Look through the data below for the line with "Mini Wireless Lavalier", and transcribe it exactly together with each line after it up to and including the line with "Picture of a". Give nothing else.

DATA TO EXAMINE Block Start

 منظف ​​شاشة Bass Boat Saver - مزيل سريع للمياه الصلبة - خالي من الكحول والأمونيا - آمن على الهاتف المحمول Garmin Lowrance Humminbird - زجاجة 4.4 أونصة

DATA TO EXAMINE Block End
DATA TO EXAMINE Block Start

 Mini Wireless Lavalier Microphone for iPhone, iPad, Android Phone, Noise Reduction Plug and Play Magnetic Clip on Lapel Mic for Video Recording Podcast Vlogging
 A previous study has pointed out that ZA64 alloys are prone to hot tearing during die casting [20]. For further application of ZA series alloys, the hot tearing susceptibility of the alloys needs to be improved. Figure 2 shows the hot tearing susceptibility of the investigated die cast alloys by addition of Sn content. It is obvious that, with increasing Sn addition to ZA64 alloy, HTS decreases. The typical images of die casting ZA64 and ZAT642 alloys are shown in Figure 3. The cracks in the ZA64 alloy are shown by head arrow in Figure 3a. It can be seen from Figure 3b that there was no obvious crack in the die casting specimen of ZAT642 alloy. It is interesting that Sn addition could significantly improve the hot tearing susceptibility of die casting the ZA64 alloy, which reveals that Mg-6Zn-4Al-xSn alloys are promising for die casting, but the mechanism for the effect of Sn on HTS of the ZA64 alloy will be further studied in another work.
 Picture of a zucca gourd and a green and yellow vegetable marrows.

DATA TO EXAMINE Block End

## FINISHED TASK
 Mini Wireless Lavalier Microphone for iPhone, iPad, Android Phone, Noise Reduction Plug and Play Magnetic Clip on Lapel Mic for Video Recording Podcast Vlogging
 A previous study has pointed out that ZA64 alloys are prone to hot tearing during die casting [20]. For further application of ZA series alloys, the hot tearing susceptibility of the alloys needs to be improved. Figure 2 shows the hot tearing susceptibility of the investigated die cast alloys by addition of Sn content. It is obvious that, with increasing Sn addition to ZA64 alloy, HTS decreases. The typical images of die casting ZA64 and ZAT642 alloys are shown in Figure 3. The cracks in the ZA64 alloy are shown by head arrow in Figure 3a. It can be seen from Figure 3b that there was no obvious crack in the die casting specimen of ZAT642 alloy. It is interesting that Sn addition could significantly improve the hot tearing susceptibility of die casting the ZA64 alloy, which reveals that Mg-6Zn-4Al-xSn alloys are promising for die casting, but the mechanism for the effect of Sn on HTS of the ZA64 alloy will be further studied in another work.
 Picture of a zucca gourd and a green and yellow vegetable marrows.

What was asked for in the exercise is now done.